Researchers from Monash University in Melbourne, Australia have developed a computational/functional genomic pipeline to determine which genes are most likely to cause cardiac abnormalities.
Their technique not only confirmed well-known congenital heart disease (CHD) genes, but also discovered 35 new genes previously not suspected in the disease. The researchers say these findings open the way for more accurate prenatal genetic testing for congenital heart disease.

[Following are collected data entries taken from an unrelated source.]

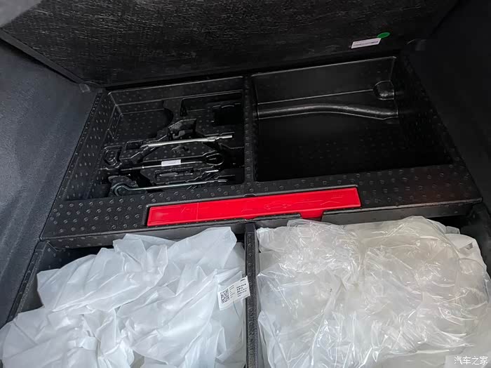 后备箱下面还有四个储物格,放放工具箱杂物一些不太使用的物品刚好,储物格下面就是备胎了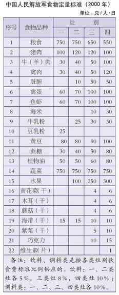 对军人每人每天主副食供应品种、数量和质量所作的规定。给养供给标准的组成部分。由军队最高后勤领导机关制定,是组织给养供应和制定伙食费标准及衡量部队生活水平的依据。主要根据军人所从事工作的劳动强度和所在部队的性质,以及国家工农业生产发展水平等确定。 中国历史上就有军人粮食定量标准。如清乾隆五十年(...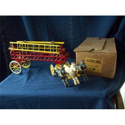 This is a horse drawn hook and ladder fire rig made of cast iron. The original box indicates No. 334. There is a 3 horse hitch pulling the fire apparatus. It is marked on the metal Made in USA.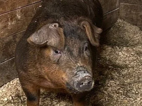 Marshmallow is will be bred this fall for spring of 2026 piglets. We are expecting some very well sized piglets from her.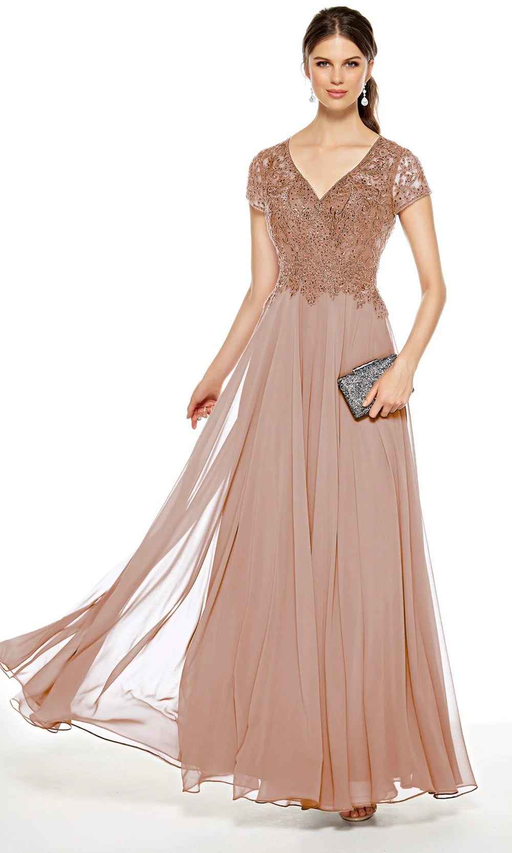 Delicate craftsmanship and airy elegance combine in this Alyce Paris 27389 floor-length gown that flatters with every step. The bodice glimmers with beaded lace that draws the eye to the V-neckline and short sleeves, adding coverage and charm. The natural waist transitions into a soft A-line chiffon skirt that flows gracefully, bringing effortless movement to the silhouette. Ideal for evening occasions or formal events, Alyce Paris 27389 offers timeless femininity through a blend of textures and fluid lines, ensuring the wearer stands out with poise and sophistication. Models are wearing Burgundy, Cashmere Rose, and Navy colors.
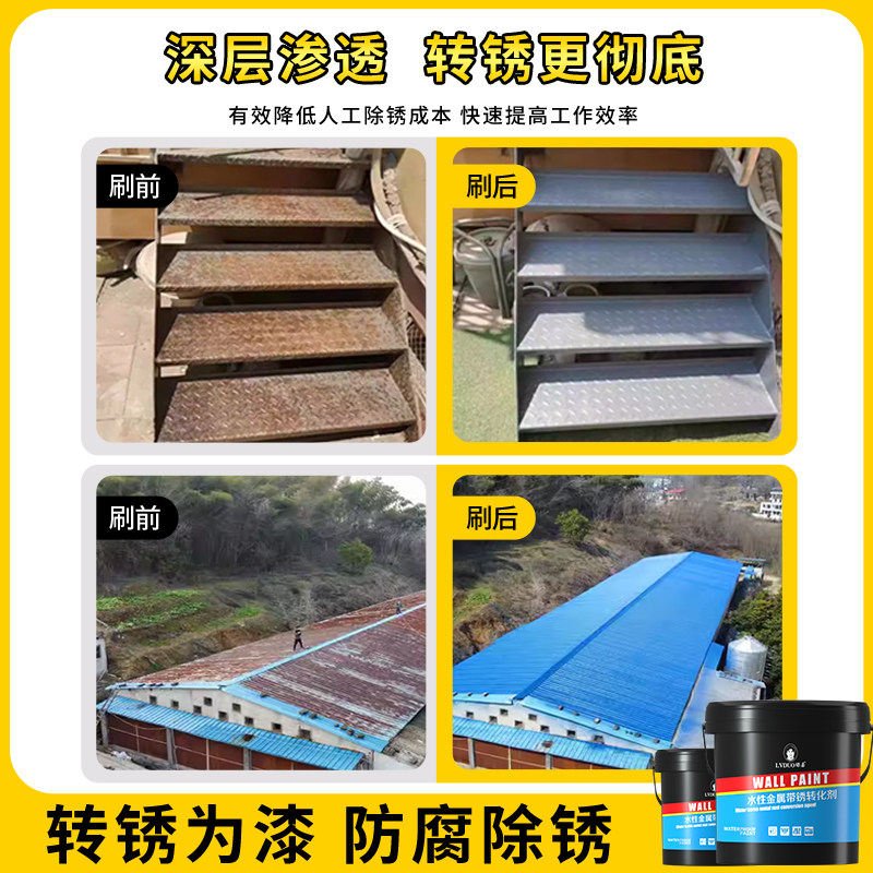 铁锈转化剂彩钢瓦翻新专用漆免打磨防锈漆金属除锈油漆固锈剂防腐

This study was published in Genome Biology and co-led by Associate Professor Mirana Ramialison from Monash University’s Australian Regenerative Medicine Institute and the Murdoch Children’s Research Institute, as well as Travis Johnson, a researcher from Monash University’s School of Biological Sciences.
One in every 100 babies is born with CHD, and that is the major cause of death in newborns. However, the genetic cause of these developmental disorders is not fully understood, hindering the development of accurate pre-natal genetic testing.
Typically, disease-causing genes are identified by screening for those that display heart-specific expression during development.
This team aimed to improve on this methodology “which focuses on screening genes that are present in heart only– an approach that often overlooks genes that are present in other tissues as well, despite still playing important roles in heart development,” said Hieu Nim from the Australian Regenerative Medicine Institute, the first author of the study.
“The trick was to mine genome databases to identify genes that were specifically ‘switched on’ in the heart,” added Nim. The resulting computational pipeline identified not only genes specific for the heart but genes that may also be associated with other organs such as the liver or kidney. “These could comprise many of the missing congenital heart disease genes, but have been, to date, discounted because they are not unique to the heart,” Ramialison, said.
They first created a pipeline of genome-wide discovery based on the identification of a cardiac-specific cis-regulatory element signature that points to candidate genes involved in heart development and congenital heart disease. With this pipeline, they retrieved 76% of the known cardiac developmental genes and predicted 35 novel genes that previously had no known connectivity to heart development.
The researchers then used the fruit fly, Drosophila melanogaster, as a testing model to determine some of the functional impacts of these novel genes. About 75% of human disease-causing genes are found in this fly in a similar form, it is easy to work with, breeds quickly, and many tools are available to manipulate any genes in it.
According to Johnson, the Drosophila studies revealed “a long list of high-quality candidate genes for causing heart abnormalities in humans, giving real insight into just how susceptible this organ is to genetic mutations.”
Functional validation of these novel cardiac genes by RNAi-mediated knockdown of the conserved orthologs in Drosophila cardiac tissue revealed that in 71% of these genes, disrupting their activity leads to adult mortality. Among these genes, RpL14, RpS24, and Rpn8 are associated with heart phenotypes.
Johnson cautioned that the identification of dozens of new CHD candidate genes is some way from providing more accurate prenatal genetic testing for CHD. “We now need to conduct functional studies on all of these genes in animal experiments to determine what they actually do, so its early days, but we now have an excellent starting point.”